Unfortunately, tombstones have a number of crappy characteristics:

They're big - about 42 bytes, which is close to the minimum object size. With string keys they threaten to become even bigger.
They cannot be garbage collected without cleaning on disk first. That is, we must completely remove from the persistent log the object a tombstone refers to before the tombstone itself may be discarded. This affects in-memory cleaning in that sometimes it must wait for disk cleaning to occur (even if the disk isn't nearly full) before it can make more progress.
Tracking when a tombstone is eligible for garbage collection is difficult. When an object is cleaned, there's no easy way to update statistics in the segment its tombstone resides in. The cleaner therefore has to either calculate dead tombstone space by scanning segments (expensive), or ignore their existence (inaccurate). An alternative is to maintain pointers between deleted objects and their tombstones (in both directions), so that i) tombstones can be marked as free space when the object's segment is cleaned and ii) pointers to tombstones can be updated when the tombstone's segment is cleaned and it's relocated.

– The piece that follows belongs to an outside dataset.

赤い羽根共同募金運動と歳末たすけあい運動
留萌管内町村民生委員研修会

Possible changes to tombstones

Conjoin with object writes when objects are overwritten. The idea is that with string keys tombstones would presumably contain the entire variable-length key. Overwrites would then be especially expensive, as we'd write the new object with the key as well as the tombstone with its own copy. By specializing the overwrite case some space could be saved. Basically an overwrite consists of a conjoined new object and tombstone for the old one.

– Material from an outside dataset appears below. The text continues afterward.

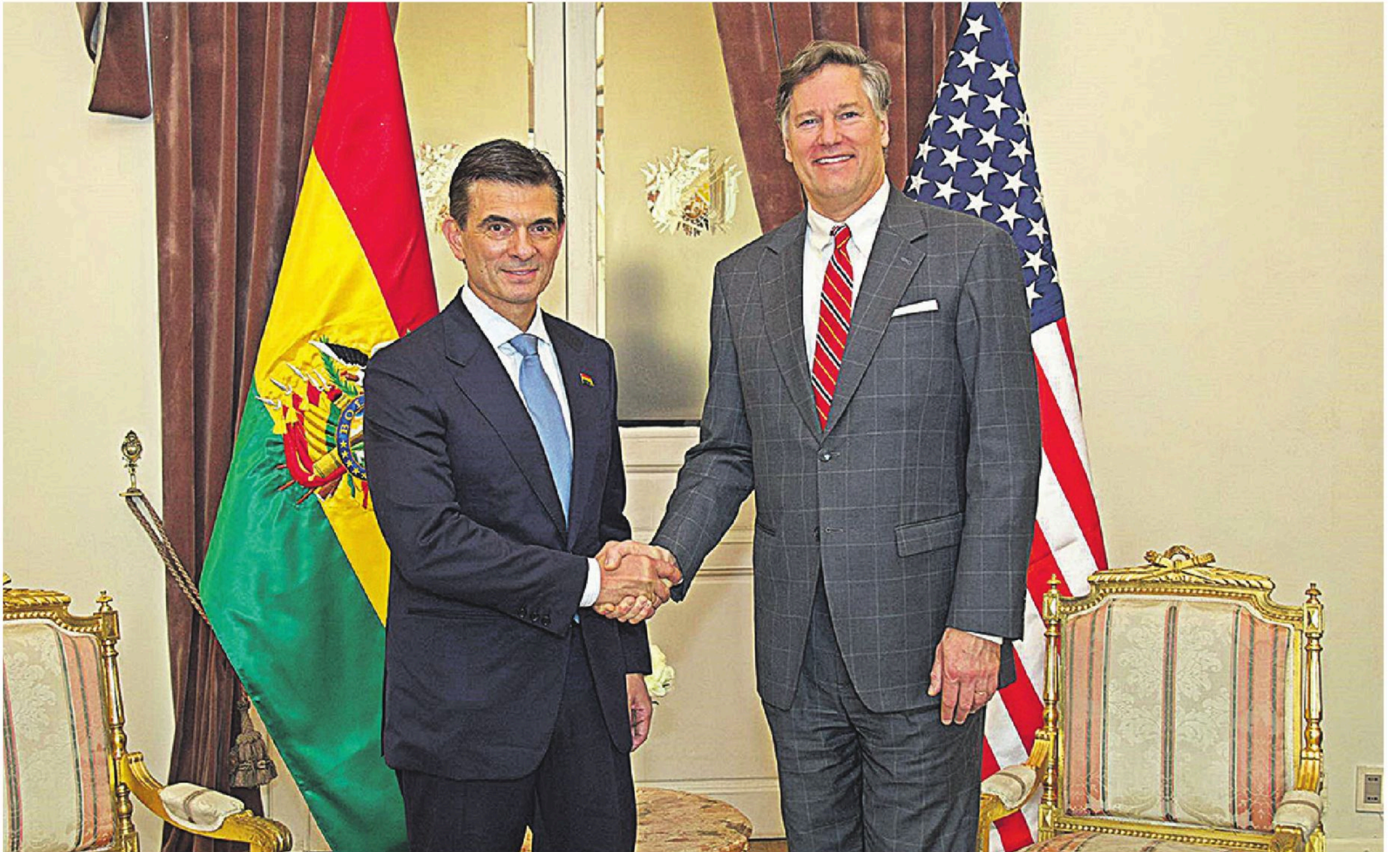
El presidente Rodrigo Paz se reunió en La Paz con el vicesecretario de Estado, Christopher Landau, en Palacio Quemado

Desde Davos, el canciller Fernando Aramayo afirmó que ambos gobiernos trabajan para reponer embajadores este año.

There are a few wrinkles involved. For instance, when an object that has a conjoined tombstone is cleaned, the tombstone must be separated if its referent is still alive. Likewise if the tombstone part of a conjoined entry is cleaned, the object must be split off.
~~Shrink tombstones such that they only include the last two fields (Version and SegmentId)~~. This will work if we make versions server-unique. On recovery, recovering masters keep track of all object and tombstone versions seen and ensure that dead objects are not made live again. This probably requires at worst an extra 8 bytes per tombstone during recovery, which worst case would be about an additional 8/28 ~= 29% overhead if the partition contains only tombstones.

Turns out this won't work. The problem is that during recovery the backups must filter out objects and tombstones based on their partition in order to report them to the correct recovery master. If tombstones don't contain any tablet and object information, then they cannot be filtered. For this to work, we'd need at least the table id and probably the hash of the key. So we're back to four 64-bit fields (Version, SegmentId, TableId, ObjectHash).
Nuke tombstones entirely. Well, sort of. Here's the proposal:

Backups maintain an in-memory bit vector for each segment they store on disk. Each bit corresponds to the liveness of an object (e.g. 1 means the object is deleted). Since objects are variable length, we need to associate an object with a specific bit. This can be done by taking the minimum object size for a segment and allocating SEGMENT_SIZE / MIN_OBJECT_SIZE bits in the vector. Then we logically split the segment into MIN_OBJECT_SIZE contiguous regions. Since at most one object can start in each region, we can use the region offset in the segment as the index in the bit vector on the backups to denote that object's liveness.

When an object is deleted, RPCs are sent to the replicas for the segment it resides in, telling them to flip the appropriate bit. Unfortunately, this breaks recovery. When finding a segment during recovery, how do we know that a prospective segment has the latest version of the bit vector? We essentially now have quasi-mutable closed segments.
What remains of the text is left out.